Output field catalog for data extraction. This catalog is set up in xSuite Bus and is used for the field mapping of the data-data-extraction results.

In the standard version, this is the InvoiceLegalRule catalog.

IRIS Extraction

Toolkit Major Version

Shows the IDR toolkit version.

License Service Uri

Connection to the IRIS License Web Service, which manages the licenses by I.R.I.S. AG. The license information can be seen in Customer Clients → Licensing.

License Tenant

Name of the license to be used for the data extraction. It must also be set up in on the IRIS License server. Then different licenses can be assigned to different users.

Project Scope

Name of the data-extraction project that is to be used for data extraction.

Notice

When using multiple IRISXtract actions, a different value must be specified in the Project Scope field for each action.

Project Path

The data extraction projects are placed in the folder ...\xSuiteData\xSuiteBusPrism\Services\DocExtraction\IRIS Xtract\Projects\ during the installation, if the path was not adjusted in the setup.

Backup Path

The file path for the data-extraction results for inspection at a later point in time. Data is stored there until it is deleted by the xSuite Bus System Clean-Up Service.

Work Path

File path for the data-extraction results for the time at which results are determined. The contents are deleted after the extracted data has been transferred.

IDR Subprocess Termination

Resource-saving processing of data extraction

If the Terminate subprocesses after document processing checkbox is activated, the subprocesses required for document processing are reloaded and terminated each time a document is processed. This helps to conserve resources and ensure system stability.

Notice

This checkbox is only relevant for IDR Toolkit version 5.1 or higher.

Compile Master Data

Manual compilation of the Master data with the IRIS data-extraction project.

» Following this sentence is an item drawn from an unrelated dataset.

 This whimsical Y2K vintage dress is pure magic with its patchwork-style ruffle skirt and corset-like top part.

For more information, see Compiling Master Data.

Open IDR Toolkit Demo

Here, you can load demo software made available by I.R.I.S. AG. You can use this software to test the quality of the master data and the OCR results. The file path of this software must be specified in the xSuite Bus settings Settings → Files → IDR Toolkit Demo.

Compiling Master Data

The OCR results of the IRIS data-extraction project greatly depend on the quality of the master data. This master data is adopted into the project structure in regularly, in intervals that can be planned.

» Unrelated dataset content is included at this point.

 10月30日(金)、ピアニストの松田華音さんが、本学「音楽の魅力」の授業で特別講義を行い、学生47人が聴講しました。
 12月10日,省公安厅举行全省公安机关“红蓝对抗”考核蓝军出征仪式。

Normally, compilation of the master data is planned as an xSuite Bus task and then takes place when the server’s load is minimal.

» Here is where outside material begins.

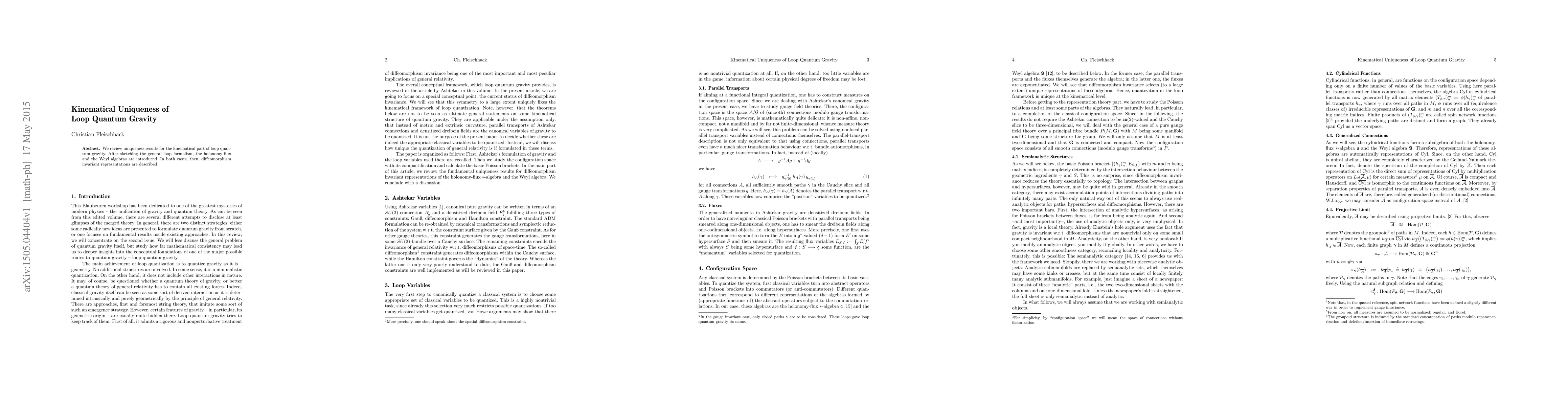 This paper reviews the uniqueness of the kinematical framework in loop quantum gravity, detailing the holonomy-flux and Weyl algebras, and describing their diffeomorphism invariant representations. The focus is on establishing the distinct kinematical structure of loop quantum gravity.

Compile Master Data can also be executed manually when new master data is added spontaneously.

The xSuite Group recommends the following procedure for compilation as it has proven itself as a best practice:

  1. Update the master data with current information from the target system, e.g., vendor master data(Master_Creditor.csv) or purchase order data(Master_Transaction.csv).

  2. Stop the data-extraction services.

  3. Click the Compile Master Data button.

    ➣ The master data is now compiled.

  4. Start the data-extraction services.